А как бы она обрадовалась даже той Эмме! Как бы была рада услышать привычный шум Второго Уровня - крики детей, смех и болтовню, а так же ворчливые наставления роботов. И спокойный, неторопливый бас Мартина, отдающего распоряжения другим роботам.
Вся ее жизнь была завязана на Станции, все ее истоки остались там. Все те, кто был дорог до боли, до слез и до глубокого отчаянья - все лучшие друзья и подруги, единственные дорогие и знакомые люди во всей вселенной. Кроме Федора. Хотя Федор был дороже всех.
И Таис устроилась у него на плече, поцеловала в щеку и тихо проговорила:
- Хорошо, что ты со мной. Если бы пришлось расстаться, я бы умерла от горя.
- Я бы тоже, - мрачно согласился Федор.
Какое-то время оба молчали, после Таис снова заговорила.
- Близнецы на самом деле молодцы. Жаль, что раньше я их почти не знала. Раз они умеют разбирать роботов, значит, у них есть власть над роботами. И всегда была. То, чего не имели мы в детстве. Когда я была маленькой, я должна была делать только то, что велели роботы, думать правильно, говорить правильно. Закон зубрить и соблюдать. А толку от этого закона не было никакого вообще. Какой смысл выполнять бестолковые правила? Роботы управляли нами, а близнецы умели разбирать роботов.
- Я тоже всегда умел их разбирать. И Колючий умел. Мы выжили именно поэтому, Тай. И, хочу тебе сказать, что несмотря на всю твою нелюбовь к Двенадцатым и Пятнадцатым, они многому нас научили. Мои знания от роботов.
- Ну, и что? - не совсем логично ответила Таис. - Все равно я терпеть не могу ни роботов, ни фриков.
Глава 12 Эмма:
сражение с Каракатицами
1.
Когда Эмма и Коля были маленькими и жили в одной каюте - большинство проказ придумывал Коля. Изредко Эмма присоединялась к его задумкам - это когда делали собаку-робота или пробовали создать свой мультфильм. Но основные свои фокусы Колька проворачивал сам.

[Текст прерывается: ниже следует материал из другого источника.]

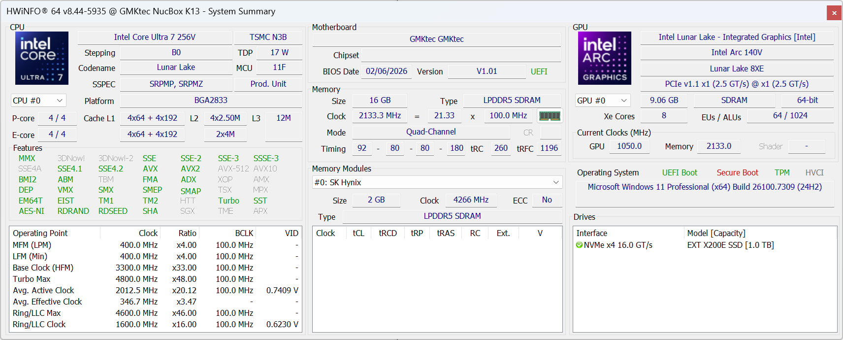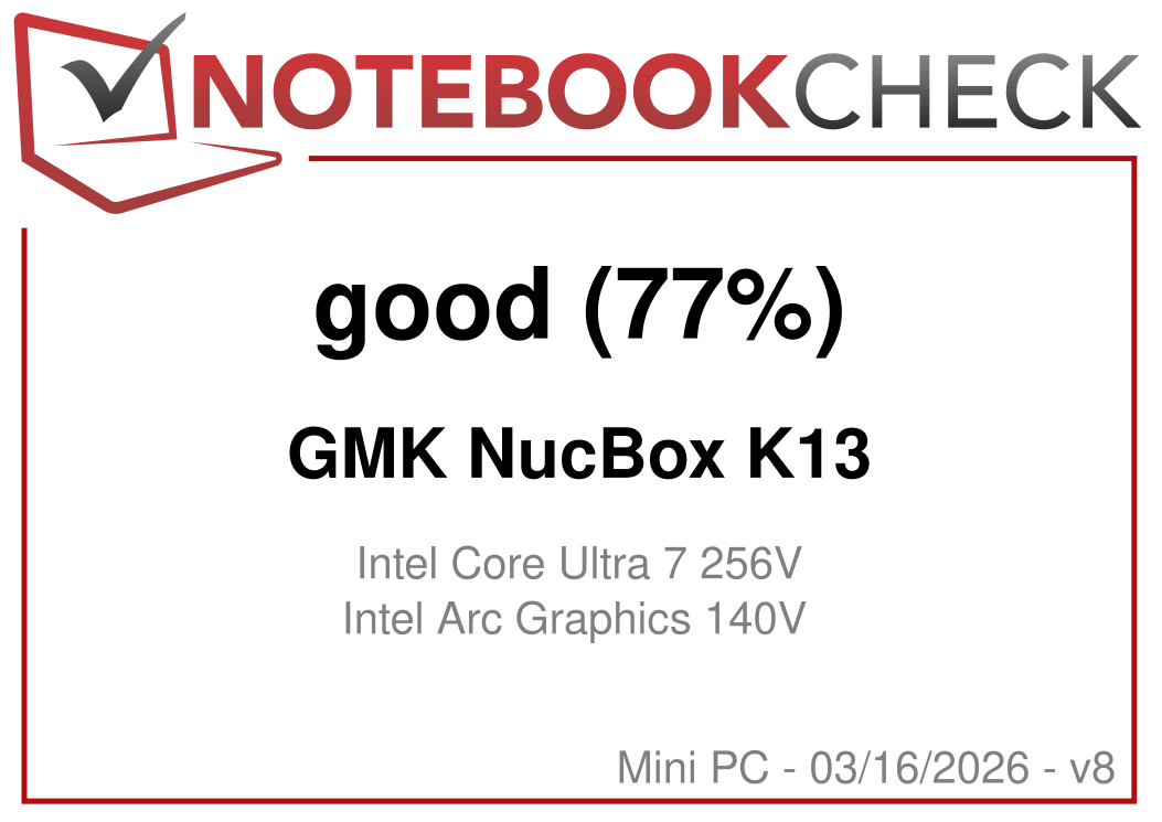 | GMK NucBox K13 Intel Core Ultra 7 256V ⎘ Intel Arc Graphics 140V ⎘ 16 GB Memory | List Price: 670 USD | 506 g | 36.6 mm | x | |
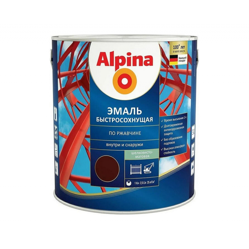 Грунт-эмаль Alpina быстросохнущая «3 в 1» для надёжной антикоррозионной защиты и декоративной отделки черных металлов. Объединяет функции грунтовки, антикоррозионного покрытия и финишной эмали. Образует прочное шелковисто-матовое покрытие цвета шоколадный RAL 8017, устойчивое к воздействию влаги, масел, бензина и нефтепродуктов. Объём: 2,5 л.
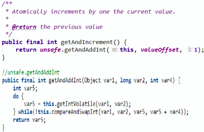 在之前讲volatile时,我们使用 atomicInteger.getAndIncrement(); 解决了 number++; 在多线程环境下的线程安全问题,它的底层源码实现为:
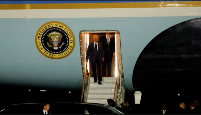 US President Joe Biden has disembarked from Air Force One and has met with UK Prime Minister Rishi Sunak.
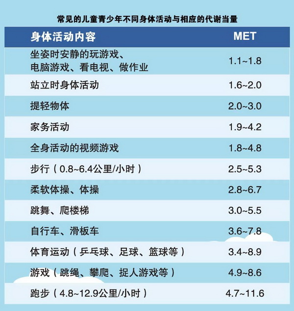 《中国儿童青少年身体活动指南》。MET为身体活动强度代谢当量的基本测量单位,1MET为安静坐位休息时的能量消耗率。本文图片均来自 上海儿童医学中心
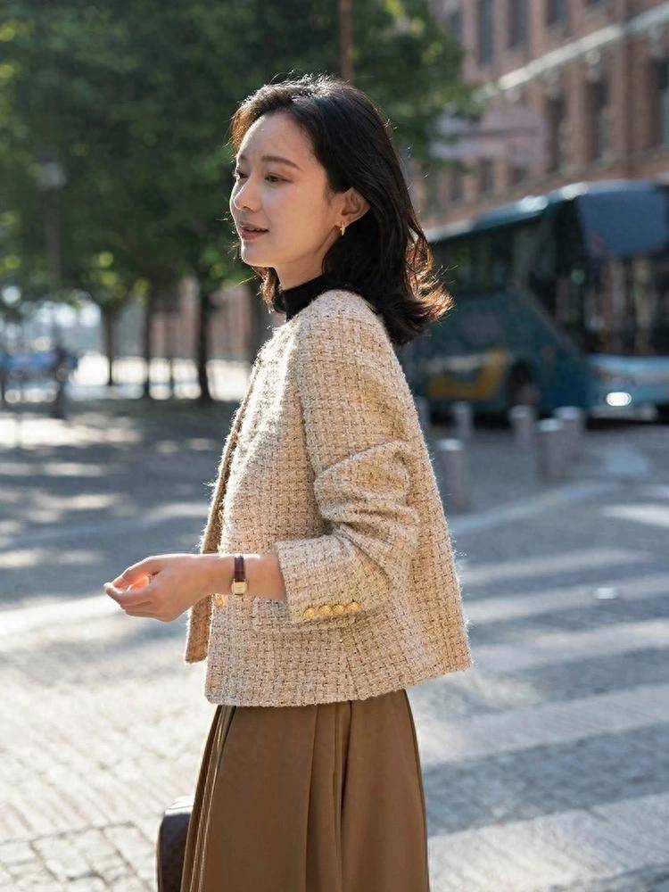 这件杏色的小香风外套整体版型设计就是非常简单的基础款设计,加上这种经典的粗花呢面料之后硬朗挺阔更好的修饰我们上半身的轮廓,显得精气神十足。

И всегда брал на себя ответственность. То есть виноват бывал только он, он один. Как-то раз Эмма, играя в детском парке, умудрилась заехать мячом в голограмму с правилами, что висела в центре Главной Площади - темная панель с золотистыми буквами. Святая святых Второго Уровня.
Играть с мячом рядом с Законом было запрещено, и Эмма не играла, она и помыслить не могла, чтобы специально нарушать правила. Мяч укатился случайно - ярко желтый, с бледными зелеными и красными пятнами. Пришлось его догонять, Эмма припустила следом, перескакивая через горшки с растениями и перелезая через скамейки. Ей казалось, что вот-вот бестолковый мячик остановится и окажется в руках. Но выпуклые бока все крутились и крутились, разноцветные круги все мелькали и мелькали в заманчивой близости. Протяни руку - и поймаешь.
Эмма злилась, потому что за спиной звенела игра, смеялись подружки и называли ее медлительной. Эмма действительно не отличалась проворностью и ловкостью, и уже успела один раз споткнуться и клюнуть коленом резиновую дорожку садика. Пока она поднималась, разглядывала коленку - не разбила ли - бестолковый мячик остановился.
Злость вдруг сдавила горячим обручем, и руки сами собой схватили ярко-желтого виновника происшествия и запульнули в сторону хихикающих подружек.
До сих пор Эмма могла закрыть глаза и явно увидеть летящий желтый шар, проскакивающий голограмму с законом, стукающийся о панель, проецирующую голограмму, и звонко хлопающего по дорожке. Бам-бам-бам! Победно и весело.
Голограмма дрогнула и на пару секунд потухла. В тот момент Эмма думала, что умрет от страха. Просто умрет на месте - и все.
Вовремя рядом оказался Колька, отпихнул ее, после поймал мяч и с невозмутимым лицом выслушал все нравоучения от Дона-двенадцатого. Извинился - мол, это он кинул мячик, не досмотрел, его вина. Скорчил виноватую гримасу - грустную и торжественную. Этакий сорванец, нарушающий правила.
Конечно, никто отправлять в изоляцию за такой пустяк не стал - но это сейчас Эмма понимала, что пустяк. А тогда, когда ей было восемь лет, у нее сердце замирало от ужаса.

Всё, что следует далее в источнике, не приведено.